*** Opening Given data ***

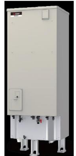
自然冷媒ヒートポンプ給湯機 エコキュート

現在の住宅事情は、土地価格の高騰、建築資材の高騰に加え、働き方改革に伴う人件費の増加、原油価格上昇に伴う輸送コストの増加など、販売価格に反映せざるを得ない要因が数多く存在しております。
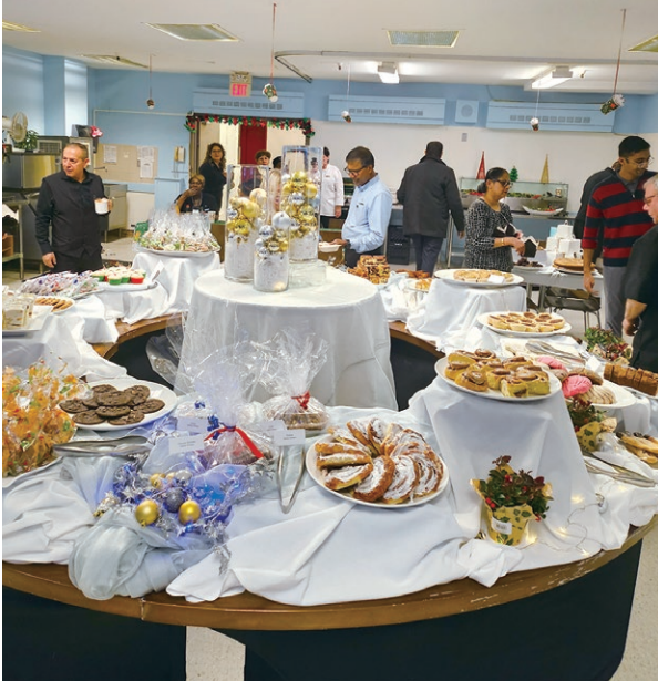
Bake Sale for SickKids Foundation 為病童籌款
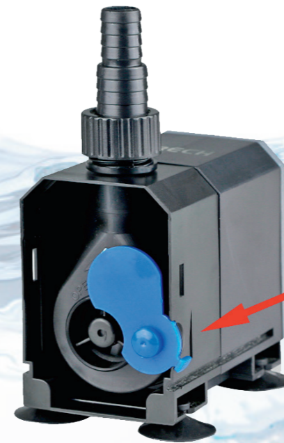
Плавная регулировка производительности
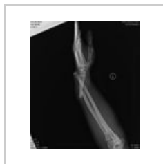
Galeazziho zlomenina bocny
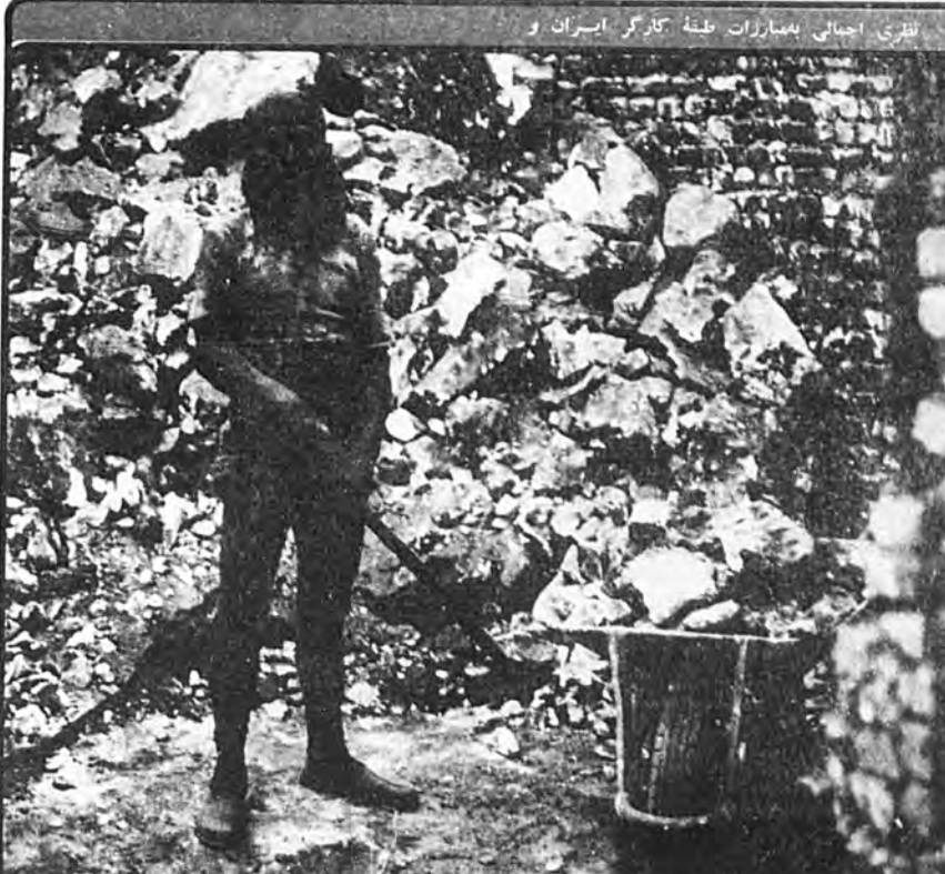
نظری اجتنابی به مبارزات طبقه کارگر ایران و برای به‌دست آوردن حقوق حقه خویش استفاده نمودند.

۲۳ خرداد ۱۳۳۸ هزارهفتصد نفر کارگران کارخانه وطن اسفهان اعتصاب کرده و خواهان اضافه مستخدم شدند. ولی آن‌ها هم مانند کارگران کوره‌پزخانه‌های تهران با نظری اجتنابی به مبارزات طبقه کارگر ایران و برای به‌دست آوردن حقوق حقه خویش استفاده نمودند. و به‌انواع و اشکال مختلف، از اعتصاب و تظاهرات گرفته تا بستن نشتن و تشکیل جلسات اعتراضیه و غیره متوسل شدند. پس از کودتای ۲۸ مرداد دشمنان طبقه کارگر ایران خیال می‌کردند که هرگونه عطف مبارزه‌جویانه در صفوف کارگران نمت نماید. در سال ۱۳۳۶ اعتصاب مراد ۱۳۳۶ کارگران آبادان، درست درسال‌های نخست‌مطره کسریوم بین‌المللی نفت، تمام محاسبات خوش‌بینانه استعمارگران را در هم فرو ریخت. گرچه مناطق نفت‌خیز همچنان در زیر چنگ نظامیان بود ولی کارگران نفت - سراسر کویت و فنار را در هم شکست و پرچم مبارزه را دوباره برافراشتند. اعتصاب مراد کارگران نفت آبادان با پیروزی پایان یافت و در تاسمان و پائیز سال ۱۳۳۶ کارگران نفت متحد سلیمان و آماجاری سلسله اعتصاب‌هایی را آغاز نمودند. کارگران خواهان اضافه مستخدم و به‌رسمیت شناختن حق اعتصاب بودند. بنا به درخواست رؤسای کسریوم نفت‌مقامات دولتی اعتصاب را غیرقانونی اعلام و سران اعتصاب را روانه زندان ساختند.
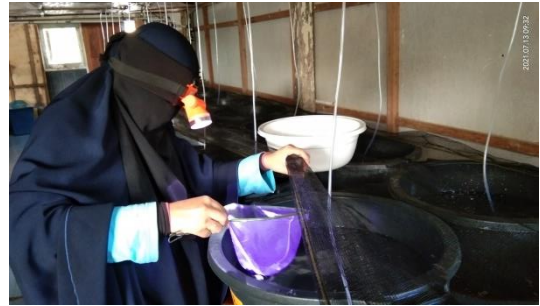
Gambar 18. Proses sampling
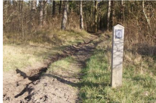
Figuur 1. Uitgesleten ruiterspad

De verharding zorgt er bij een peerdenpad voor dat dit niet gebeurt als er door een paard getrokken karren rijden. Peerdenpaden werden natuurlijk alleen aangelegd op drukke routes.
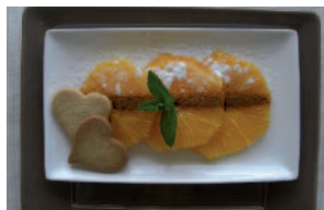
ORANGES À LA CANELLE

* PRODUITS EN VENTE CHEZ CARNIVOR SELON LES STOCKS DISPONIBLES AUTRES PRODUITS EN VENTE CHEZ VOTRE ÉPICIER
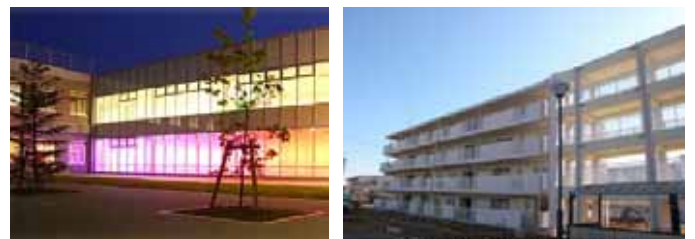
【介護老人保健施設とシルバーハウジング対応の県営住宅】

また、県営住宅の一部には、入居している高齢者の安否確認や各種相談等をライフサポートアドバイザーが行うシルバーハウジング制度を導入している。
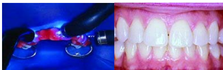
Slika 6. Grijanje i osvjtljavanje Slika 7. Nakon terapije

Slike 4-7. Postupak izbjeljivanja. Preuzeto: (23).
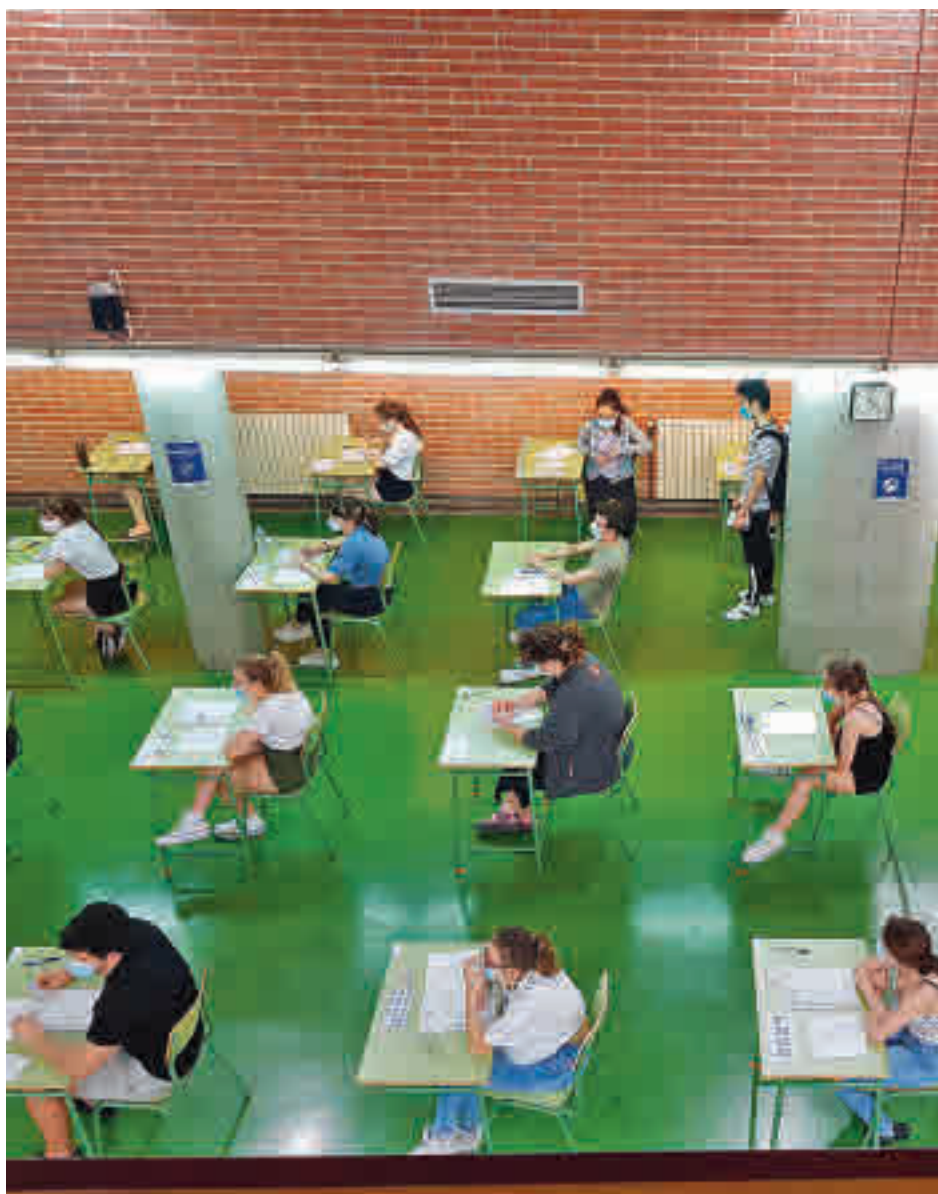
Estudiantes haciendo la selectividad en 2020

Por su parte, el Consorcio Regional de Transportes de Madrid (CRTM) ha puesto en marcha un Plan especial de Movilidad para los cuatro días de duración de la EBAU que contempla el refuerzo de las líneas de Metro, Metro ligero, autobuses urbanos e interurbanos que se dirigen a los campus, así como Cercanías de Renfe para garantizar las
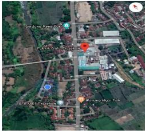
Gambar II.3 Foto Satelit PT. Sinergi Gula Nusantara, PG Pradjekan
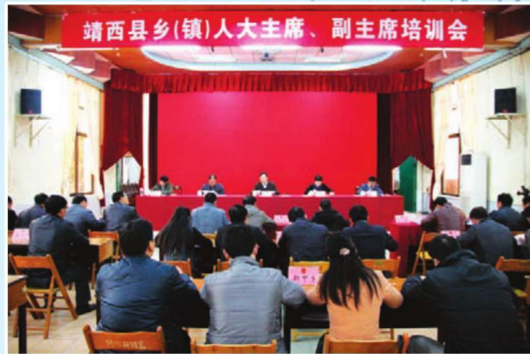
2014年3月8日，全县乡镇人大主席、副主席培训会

*** Closing Given data ***

### Task objective
What's needed is an exact copy of every entry, free of pictures.

### Output of the task
自然冷媒ヒートポンプ給湯機 エコキュート

現在の住宅事情は、土地価格の高騰、建築資材の高騰に加え、働き方改革に伴う人件費の増加、原油価格上昇に伴う輸送コストの増加など、販売価格に反映せざるを得ない要因が数多く存在しております。
Bake Sale for SickKids Foundation 為病童籌款
Плавная регулировка производительности
Galeazziho zlomenina bocny
نظری اجتنابی به مبارزات طبقه کارگر ایران و برای به‌دست آوردن حقوق حقه خویش استفاده نمودند.

۲۳ خرداد ۱۳۳۸ هزارهفتصد نفر کارگران کارخانه وطن اسفهان اعتصاب کرده و خواهان اضافه مستخدم شدند. ولی آن‌ها هم مانند کارگران کوره‌پزخانه‌های تهران با نظری اجتنابی به مبارزات طبقه کارگر ایران و برای به‌دست آوردن حقوق حقه خویش استفاده نمودند. و به‌انواع و اشکال مختلف، از اعتصاب و تظاهرات گرفته تا بستن نشتن و تشکیل جلسات اعتراضیه و غیره متوسل شدند. پس از کودتای ۲۸ مرداد دشمنان طبقه کارگر ایران خیال می‌کردند که هرگونه عطف مبارزه‌جویانه در صفوف کارگران نمت نماید. در سال ۱۳۳۶ اعتصاب مراد ۱۳۳۶ کارگران آبادان، درست درسال‌های نخست‌مطره کسریوم بین‌المللی نفت، تمام محاسبات خوش‌بینانه استعمارگران را در هم فرو ریخت. گرچه مناطق نفت‌خیز همچنان در زیر چنگ نظامیان بود ولی کارگران نفت - سراسر کویت و فنار را در هم شکست و پرچم مبارزه را دوباره برافراشتند. اعتصاب مراد کارگران نفت آبادان با پیروزی پایان یافت و در تاسمان و پائیز سال ۱۳۳۶ کارگران نفت متحد سلیمان و آماجاری سلسله اعتصاب‌هایی را آغاز نمودند. کارگران خواهان اضافه مستخدم و به‌رسمیت شناختن حق اعتصاب بودند. بنا به درخواست رؤسای کسریوم نفت‌مقامات دولتی اعتصاب را غیرقانونی اعلام و سران اعتصاب را روانه زندان ساختند.
Gambar 18. Proses sampling
Figuur 1. Uitgesleten ruiterspad

De verharding zorgt er bij een peerdenpad voor dat dit niet gebeurt als er door een paard getrokken karren rijden. Peerdenpaden werden natuurlijk alleen aangelegd op drukke routes.
ORANGES À LA CANELLE

* PRODUITS EN VENTE CHEZ CARNIVOR SELON LES STOCKS DISPONIBLES AUTRES PRODUITS EN VENTE CHEZ VOTRE ÉPICIER
【介護老人保健施設とシルバーハウジング対応の県営住宅】

また、県営住宅の一部には、入居している高齢者の安否確認や各種相談等をライフサポートアドバイザーが行うシルバーハウジング制度を導入している。
Slika 6. Grijanje i osvjtljavanje Slika 7. Nakon terapije

Slike 4-7. Postupak izbjeljivanja. Preuzeto: (23).
Estudiantes haciendo la selectividad en 2020

Por su parte, el Consorcio Regional de Transportes de Madrid (CRTM) ha puesto en marcha un Plan especial de Movilidad para los cuatro días de duración de la EBAU que contempla el refuerzo de las líneas de Metro, Metro ligero, autobuses urbanos e interurbanos que se dirigen a los campus, así como Cercanías de Renfe para garantizar las
Gambar II.3 Foto Satelit PT. Sinergi Gula Nusantara, PG Pradjekan
2014年3月8日，全县乡镇人大主席、副主席培训会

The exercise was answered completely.